AEDC reactivates technology sharing agreement with France

  • Published
  • By Philip Lorenz III
  • AEDC/PA
Approximately one year ago, Tom Best, Arnold Engineering Development Center's (AEDC) technical director of the plans and programs directorate, realized there was an excellent opportunity to make an upcoming collaborative European visit with two technology partners even more productive.

Best said a group from AEDC, including himself, was already planning to pay a visit to Arnold's ground testing counterparts in the Netherlands and Germany to explore collaborative opportunities as part of ongoing data exchange agreements with both countries.

"We [also] have an official data exchange agreement between the Air Force and ONERA [Office National d'Etudes et Recherches Aérospatiales], the French national aerospace research center," he explained. "However, that agreement is quite old - it was formed in 1971 and it had become kind of dormant."

Best said it occurred to him that it made sense to make the trip more productive by initiating a meeting between AEDC's counterparts at the French ground testing complex to reactivate that agreement and explore potential future collaborative opportunities.

"Under data exchange agreements, we share information on what we're doing well, what they're doing well, so that we can learn something from each other," he said. "But it also gives you the opportunity to consider doing more detailed collaboration and that's the way we always end our meetings.

"I was very impressed with their wind tunnels and their people," he added. "They're not behind the U.S., they're our peers with this kind of stuff."

Best emphasized that the reactivation of the data exchange agreement between the two countries was the right thing to do, but acknowledged it is premature to draw conclusions to where that process may lead.

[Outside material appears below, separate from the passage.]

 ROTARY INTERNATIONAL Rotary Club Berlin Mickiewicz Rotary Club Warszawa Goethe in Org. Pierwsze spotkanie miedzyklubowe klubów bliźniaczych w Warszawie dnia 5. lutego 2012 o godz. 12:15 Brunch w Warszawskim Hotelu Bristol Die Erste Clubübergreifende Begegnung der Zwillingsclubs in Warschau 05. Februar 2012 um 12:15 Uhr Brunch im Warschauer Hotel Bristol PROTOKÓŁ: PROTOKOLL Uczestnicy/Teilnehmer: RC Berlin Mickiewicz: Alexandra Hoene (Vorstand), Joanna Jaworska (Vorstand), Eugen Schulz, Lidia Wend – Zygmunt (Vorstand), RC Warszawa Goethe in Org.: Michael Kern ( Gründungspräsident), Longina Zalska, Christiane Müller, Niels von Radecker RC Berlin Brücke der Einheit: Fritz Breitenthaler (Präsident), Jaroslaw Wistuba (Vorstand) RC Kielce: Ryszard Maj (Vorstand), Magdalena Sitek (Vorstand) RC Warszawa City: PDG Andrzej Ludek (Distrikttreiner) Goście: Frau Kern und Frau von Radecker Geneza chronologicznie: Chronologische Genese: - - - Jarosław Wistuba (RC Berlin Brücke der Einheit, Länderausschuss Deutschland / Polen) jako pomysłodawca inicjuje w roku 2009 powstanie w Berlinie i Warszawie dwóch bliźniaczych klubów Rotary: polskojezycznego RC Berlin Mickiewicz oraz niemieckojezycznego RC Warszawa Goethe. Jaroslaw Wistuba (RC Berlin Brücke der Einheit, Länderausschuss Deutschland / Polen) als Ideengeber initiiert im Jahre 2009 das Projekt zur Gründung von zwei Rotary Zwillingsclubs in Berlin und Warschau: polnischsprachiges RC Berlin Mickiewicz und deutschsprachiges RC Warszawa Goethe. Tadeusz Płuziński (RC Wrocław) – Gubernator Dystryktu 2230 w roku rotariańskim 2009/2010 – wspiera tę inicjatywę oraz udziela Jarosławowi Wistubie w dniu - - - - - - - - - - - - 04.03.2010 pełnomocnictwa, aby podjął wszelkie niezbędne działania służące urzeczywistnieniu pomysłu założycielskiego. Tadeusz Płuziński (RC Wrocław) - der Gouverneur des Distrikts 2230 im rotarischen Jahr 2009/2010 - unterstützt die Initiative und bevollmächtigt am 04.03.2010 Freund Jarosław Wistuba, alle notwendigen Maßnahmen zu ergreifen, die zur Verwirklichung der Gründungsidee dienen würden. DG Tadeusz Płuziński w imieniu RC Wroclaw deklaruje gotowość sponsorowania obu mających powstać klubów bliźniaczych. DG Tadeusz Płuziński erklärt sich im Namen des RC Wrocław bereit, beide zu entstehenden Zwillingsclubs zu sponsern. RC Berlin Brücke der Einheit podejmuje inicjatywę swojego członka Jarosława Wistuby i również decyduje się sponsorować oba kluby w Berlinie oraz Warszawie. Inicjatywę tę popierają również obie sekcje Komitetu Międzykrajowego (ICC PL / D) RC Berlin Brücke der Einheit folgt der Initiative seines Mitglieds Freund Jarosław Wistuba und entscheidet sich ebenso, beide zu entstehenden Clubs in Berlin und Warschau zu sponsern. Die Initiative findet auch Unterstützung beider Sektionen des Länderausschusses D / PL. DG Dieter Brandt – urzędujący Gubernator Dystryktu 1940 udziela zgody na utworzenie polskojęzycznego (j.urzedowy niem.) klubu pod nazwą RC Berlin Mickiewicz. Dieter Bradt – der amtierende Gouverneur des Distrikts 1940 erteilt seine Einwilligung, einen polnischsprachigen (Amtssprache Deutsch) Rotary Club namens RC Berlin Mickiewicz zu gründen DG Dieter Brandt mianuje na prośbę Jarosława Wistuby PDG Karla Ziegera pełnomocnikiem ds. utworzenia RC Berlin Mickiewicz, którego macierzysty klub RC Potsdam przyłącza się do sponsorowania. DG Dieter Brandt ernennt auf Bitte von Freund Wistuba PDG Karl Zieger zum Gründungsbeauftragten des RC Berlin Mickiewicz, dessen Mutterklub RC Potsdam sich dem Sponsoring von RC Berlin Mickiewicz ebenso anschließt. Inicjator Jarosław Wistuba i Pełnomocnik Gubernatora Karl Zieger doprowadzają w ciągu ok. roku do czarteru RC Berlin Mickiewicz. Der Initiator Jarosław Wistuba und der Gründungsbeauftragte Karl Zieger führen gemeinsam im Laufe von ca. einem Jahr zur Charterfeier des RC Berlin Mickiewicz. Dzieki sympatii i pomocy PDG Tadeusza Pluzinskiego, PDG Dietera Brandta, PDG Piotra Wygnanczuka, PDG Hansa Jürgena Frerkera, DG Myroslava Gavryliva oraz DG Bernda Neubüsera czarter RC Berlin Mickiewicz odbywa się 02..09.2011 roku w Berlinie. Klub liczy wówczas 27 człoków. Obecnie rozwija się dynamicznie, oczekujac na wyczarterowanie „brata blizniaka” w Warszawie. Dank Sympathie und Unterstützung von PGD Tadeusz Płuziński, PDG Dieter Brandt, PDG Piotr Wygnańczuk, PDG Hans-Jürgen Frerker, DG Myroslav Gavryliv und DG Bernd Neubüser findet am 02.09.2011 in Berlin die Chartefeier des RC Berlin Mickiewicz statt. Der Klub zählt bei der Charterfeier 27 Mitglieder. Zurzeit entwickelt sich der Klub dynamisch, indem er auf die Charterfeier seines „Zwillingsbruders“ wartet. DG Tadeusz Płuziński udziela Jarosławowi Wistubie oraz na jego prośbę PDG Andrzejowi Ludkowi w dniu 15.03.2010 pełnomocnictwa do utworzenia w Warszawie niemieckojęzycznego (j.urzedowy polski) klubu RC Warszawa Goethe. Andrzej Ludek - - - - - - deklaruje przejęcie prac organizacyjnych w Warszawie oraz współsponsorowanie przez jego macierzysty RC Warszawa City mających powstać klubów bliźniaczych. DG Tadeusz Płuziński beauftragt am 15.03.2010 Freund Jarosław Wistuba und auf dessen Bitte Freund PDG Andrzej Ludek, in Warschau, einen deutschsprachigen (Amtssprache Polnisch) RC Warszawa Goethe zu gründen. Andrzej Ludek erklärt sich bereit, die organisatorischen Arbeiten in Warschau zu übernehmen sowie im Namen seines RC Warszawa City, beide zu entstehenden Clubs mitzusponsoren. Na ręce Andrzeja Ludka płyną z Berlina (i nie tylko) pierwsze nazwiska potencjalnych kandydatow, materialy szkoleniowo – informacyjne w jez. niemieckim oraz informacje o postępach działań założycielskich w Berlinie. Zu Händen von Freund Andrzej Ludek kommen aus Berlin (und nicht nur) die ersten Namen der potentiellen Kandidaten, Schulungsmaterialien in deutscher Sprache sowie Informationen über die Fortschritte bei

AEDC has official data exchange agreements with other countries, too, but Best said the work already accomplished with one of the center's European counterparts has already paid dividends for all concerned.

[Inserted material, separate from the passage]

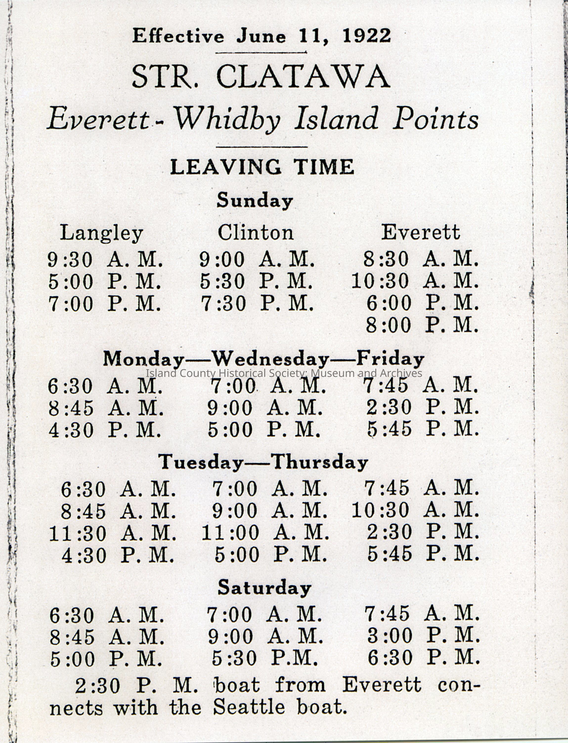 On back: "Clatawa schedule, 1922. Owned by Island Transportation Co. Rendezvous with Calista and Atlanta for freight and passengers to Everett. Credit: Island County Historical Society"Collection

"We have two examples of collaboration with Germany that are worth mentioning," he said. "[One is] the TST [Transonic Technology Wing Demonstrator] model that was tested in Europe, NASA and AEDC back in the 1990's where we compared wind tunnel data and CFD [computational fluid dynamics]."

The TST was also known as the German Dornier Alpha jet.

"There was also flight test data on the TST configuration," he continued. "All of us leaned lots from those tests about wind tunnel effects on data and about extrapolating wind tunnel data to flight."

Best said the second example was AEDC's collaboration on data comparisons between the G-Range free-piston shock tunnel configuration and the High-Enthalpy Shock Tunnel Göttingen (HEG) in Germany.

"We all learned a lot about diagnostic tools that work in that regime and how the flow can be contaminated with the driver gas," he explained.

The HEG of the German Aerospace Center is one of the major European hypersonic test facilities.